Script ms-sql-ntlm-info

Script types:
Categories: default, discovery, safe
Download: https://svn.nmap.org/nmap/scripts/ms-sql-ntlm-info.nse

Script Summary

This script enumerates information from remote Microsoft SQL services with NTLM authentication enabled.
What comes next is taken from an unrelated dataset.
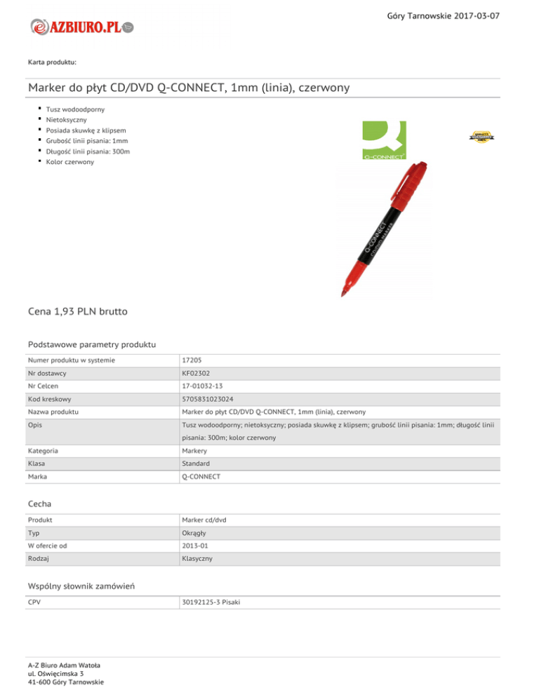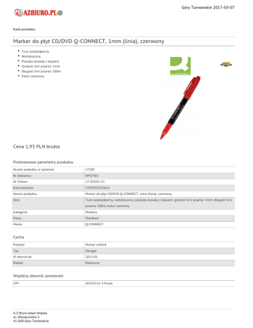 Góry Tarnowskie 2017-03-07 Karta produktu: Marker do płyt CD/DVD Q-CONNECT, 1mm (linia), czerwony Tusz wodoodporny Nietoksyczny Posiada skuwkę z klipsem Grubość linii pisania: 1mm Długość linii pisania: 300m Kolor czerwony Cena 1,93 PLN brutto Podstawowe parametry produktu Numer produktu w systemie 17205 Nr dostawcy KF02302 Nr Celcen 17-01032-13 Kod kreskowy 5705831023024 Nazwa produktu Marker do płyt CD/DVD Q-CONNECT, 1mm (linia), czerwony Opis Tusz wodoodporny; nietoksyczny; posiada skuwkę z klipsem; grubość linii pisania: 1mm; długość linii pisania: 300m; kolor czerwony Kategoria Markery Klasa Standard Marka Q-CONNECT Cecha Produkt Marker cd/dvd Typ Okrągły W ofercie od 2013-01 Rodzaj Klasyczny Wspólny słownik zamówień CPV A-Z Biuro Adam Watoła ul. Oświęcimska 3 41-600 Góry Tarnowskie 30192125-3 Pisaki Góry Tarnowskie 2017-03-07 Karta katalogowa produktu cd. Marker do płyt CD/DVD Q-CONNECT, 1mm (linia), czerwony Certyfikaty Nowy produkt w ofercie Standard Hit Standard Wymiary Końcówka (mm) 1 Dł. linii (m) 300 Grubość linii (mm) 1 Kolor Kolor Pozostałe zdjęcia produktu Serdecznie zapraszamy do współpracy A-Z Biuro Adam Watoła zespół. A-Z Biuro Adam Watoła ul. Oświęcimska 3 41-600 Góry Tarnowskie Czerwony

Sending a MS-TDS NTLM authentication request with an invalid domain and null credentials will cause the remote service to respond with a NTLMSSP message disclosing information to include NetBIOS, DNS, and OS build version.

Script Arguments

mssql.domain, mssql.instance-all, mssql.instance-name, mssql.instance-port, mssql.password, mssql.protocol, mssql.scanned-ports-only, mssql.timeout, mssql.username

See the documentation for the mssql library.

randomseed, smbbasic, smbport, smbsign

See the documentation for the smb library.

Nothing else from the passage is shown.